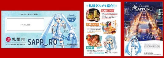 札幌市ふるさと納税オリジナルイラストは、この日にお披露目!オリジナルデザインの雪ミクの大型パネルの展示や、パンフレットの配布などを通して、札幌市のまちや返礼品の魅力をお伝えします。
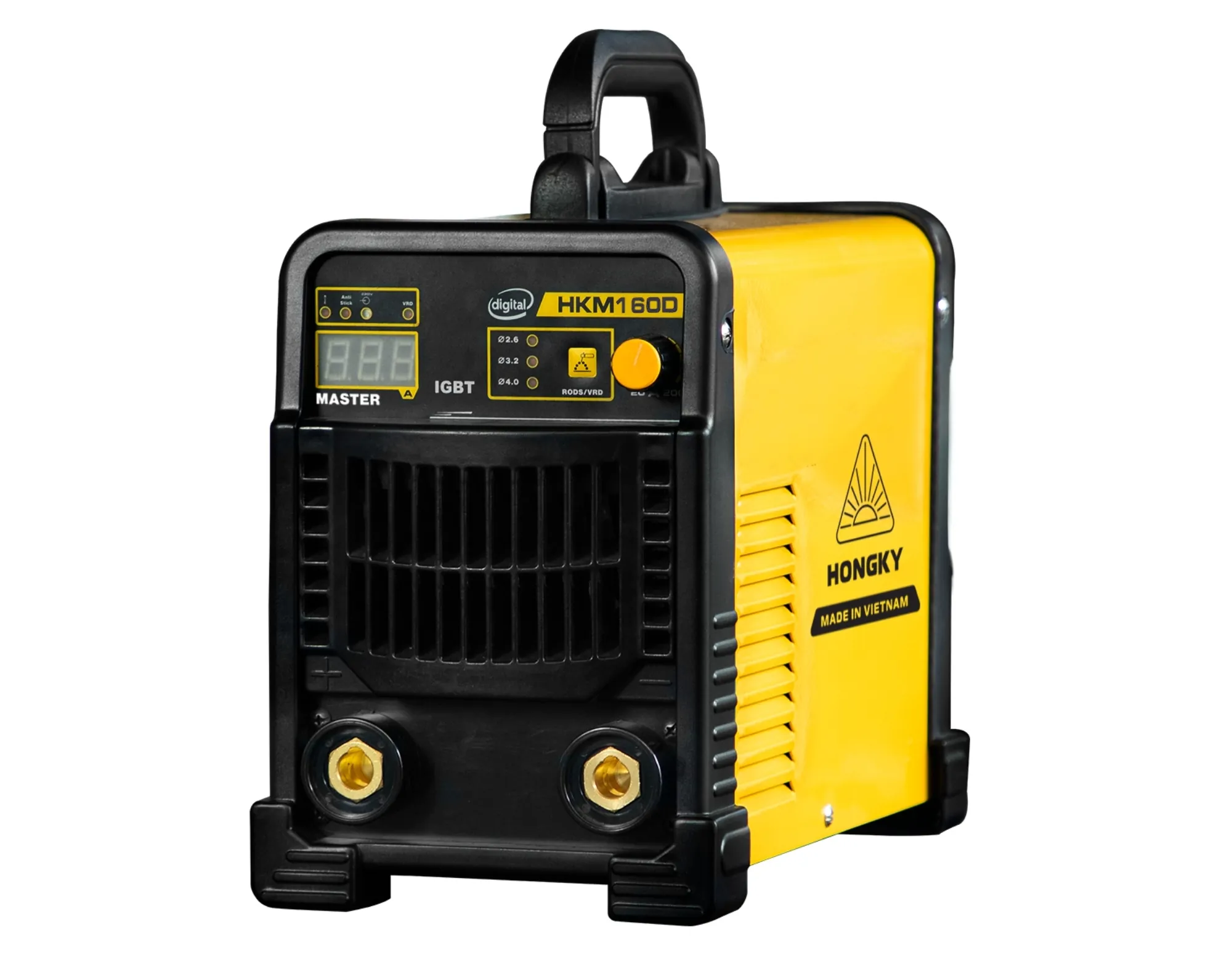 Máy hàn que Hồng Ký Master digital 160A 220V - HKM160D với thiết kế gọn nhẹ, công suất mạnh mẽ 160A, hàn que 2.6-3.2mm, chức năng Mồi lửa nhanh Hot Start, Bù hồ quang Arc Force, Chống dính thông minh Anti Stick, Chống giật an toàn VRD. Bảo hành 18 tháng. Lý tưởng cho thợ hàn, dễ sử dụng, ổn định trên thép và inox.
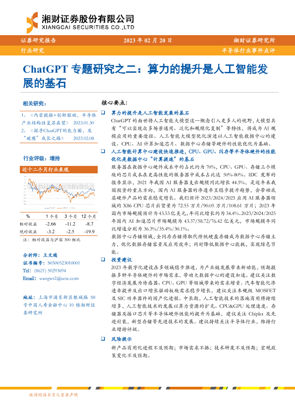 【湘财证券】【20230220】ChatGPT专题研究之二:算力的提升是人工智能发展的基石-10页
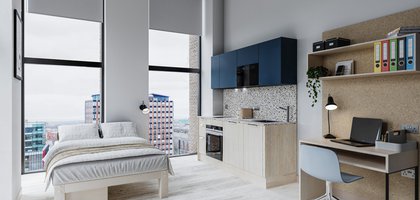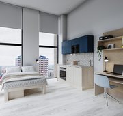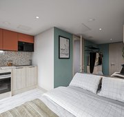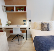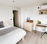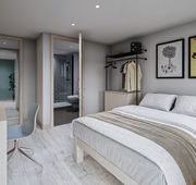 Our one-bedroom apartments offer a spacious living area of 30m², separating your study area and bedroom for enhanced privacy. Each apartment includes a double bed, ample storage, a dedicated study area, a fully fitted kitchen, and a private en-suite bathroom. Superfast Wi-Fi and all-inclusive bills ensure a comfortable and independent living experience.
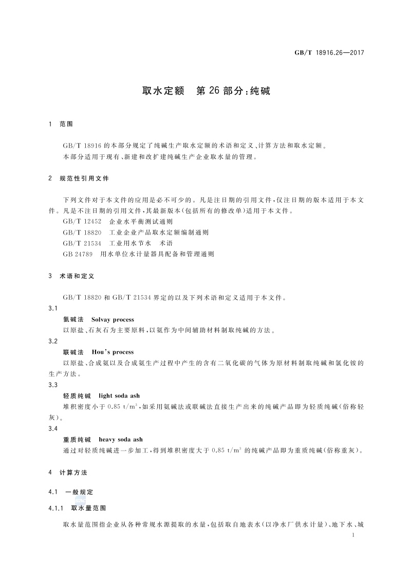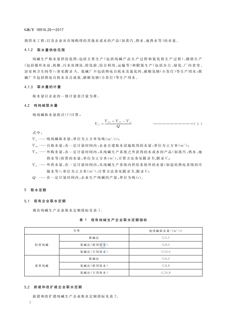 《取水定额 第26部分:纯碱》(GB/T 18916.26-2017)
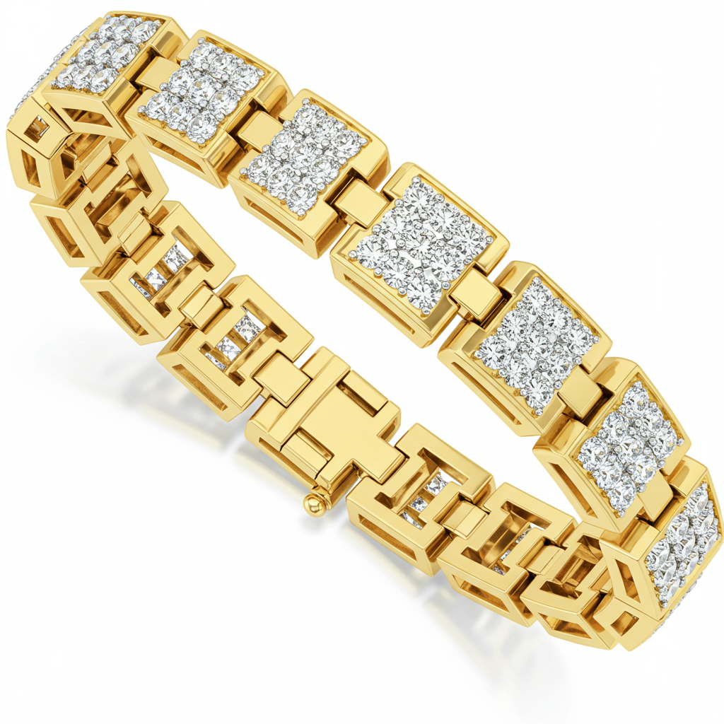 The Italian Charm Bracelet captures timeless elegance through its versatile, modular design. Crafted in luminous 18KT yellow gold, this piece features numerous interlocking links, each meticulously set with brilliant VVS diamonds in a secure pave style. Perfect for personalization and stacking, it offers a sophisticated way to tell your unique story. This bracelet provides both versatility and unmatched brilliance, making it the ideal choice for everyday luxury.

- - -

Now reproduce all of the entries precisely, with no pictures in the copy.

 札幌市ふるさと納税オリジナルイラストは、この日にお披露目!オリジナルデザインの雪ミクの大型パネルの展示や、パンフレットの配布などを通して、札幌市のまちや返礼品の魅力をお伝えします。
 Máy hàn que Hồng Ký Master digital 160A 220V - HKM160D với thiết kế gọn nhẹ, công suất mạnh mẽ 160A, hàn que 2.6-3.2mm, chức năng Mồi lửa nhanh Hot Start, Bù hồ quang Arc Force, Chống dính thông minh Anti Stick, Chống giật an toàn VRD. Bảo hành 18 tháng. Lý tưởng cho thợ hàn, dễ sử dụng, ổn định trên thép và inox.
 【湘财证券】【20230220】ChatGPT专题研究之二:算力的提升是人工智能发展的基石-10页
 Our one-bedroom apartments offer a spacious living area of 30m², separating your study area and bedroom for enhanced privacy. Each apartment includes a double bed, ample storage, a dedicated study area, a fully fitted kitchen, and a private en-suite bathroom. Superfast Wi-Fi and all-inclusive bills ensure a comfortable and independent living experience.
 《取水定额 第26部分:纯碱》(GB/T 18916.26-2017)
 The Italian Charm Bracelet captures timeless elegance through its versatile, modular design. Crafted in luminous 18KT yellow gold, this piece features numerous interlocking links, each meticulously set with brilliant VVS diamonds in a secure pave style. Perfect for personalization and stacking, it offers a sophisticated way to tell your unique story. This bracelet provides both versatility and unmatched brilliance, making it the ideal choice for everyday luxury.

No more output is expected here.